◆ TASK TO CARRY OUT ◆
From the material below, return exactly the lines starting at the one that holds "Lemaire grey lightweight" and ending at the one that holds "Un plastique robuste". Pictures stay out of the answer.

◆ RECORD EXTRACTS ◆
=== Section Start ===

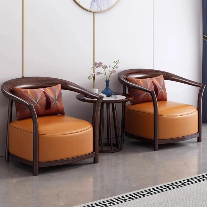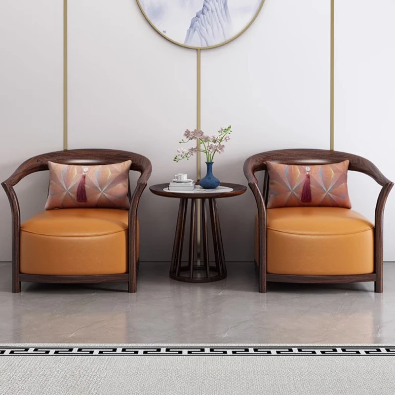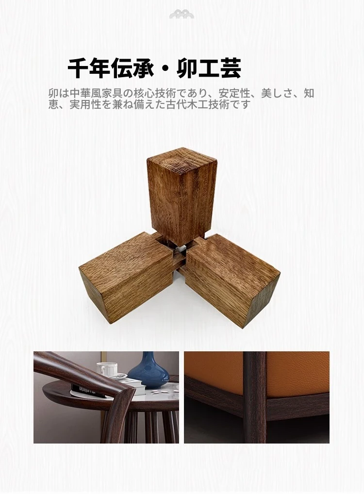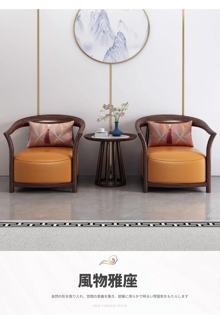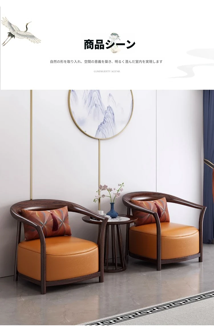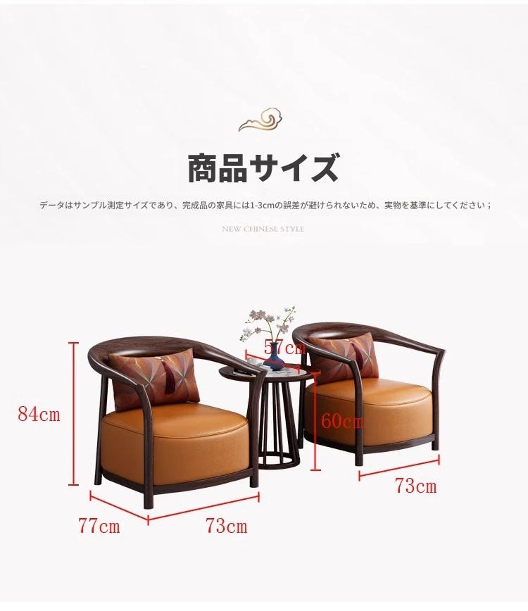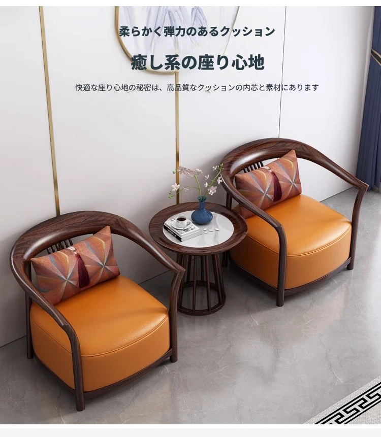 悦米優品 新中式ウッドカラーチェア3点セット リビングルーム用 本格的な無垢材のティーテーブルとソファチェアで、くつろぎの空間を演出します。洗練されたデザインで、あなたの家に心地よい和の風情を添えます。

=== Section End ===
=== Section Start ===

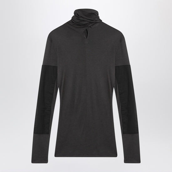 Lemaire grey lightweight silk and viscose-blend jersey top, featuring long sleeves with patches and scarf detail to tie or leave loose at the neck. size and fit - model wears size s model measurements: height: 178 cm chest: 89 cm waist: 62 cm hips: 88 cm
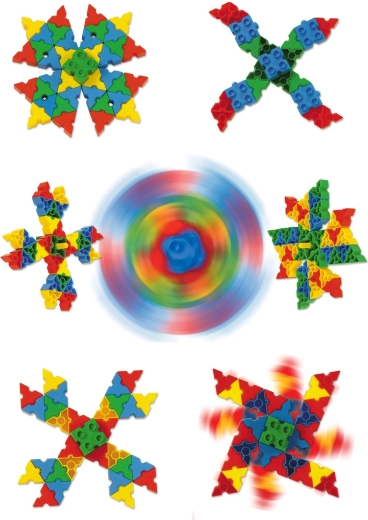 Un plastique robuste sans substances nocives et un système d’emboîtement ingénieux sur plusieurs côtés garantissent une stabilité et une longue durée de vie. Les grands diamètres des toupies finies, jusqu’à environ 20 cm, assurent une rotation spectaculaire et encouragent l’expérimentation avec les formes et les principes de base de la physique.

=== Section End ===

◆ ANSWER SECTION ◆
 Lemaire grey lightweight silk and viscose-blend jersey top, featuring long sleeves with patches and scarf detail to tie or leave loose at the neck. size and fit - model wears size s model measurements: height: 178 cm chest: 89 cm waist: 62 cm hips: 88 cm
 Un plastique robuste sans substances nocives et un système d’emboîtement ingénieux sur plusieurs côtés garantissent une stabilité et une longue durée de vie. Les grands diamètres des toupies finies, jusqu’à environ 20 cm, assurent une rotation spectaculaire et encouragent l’expérimentation avec les formes et les principes de base de la physique.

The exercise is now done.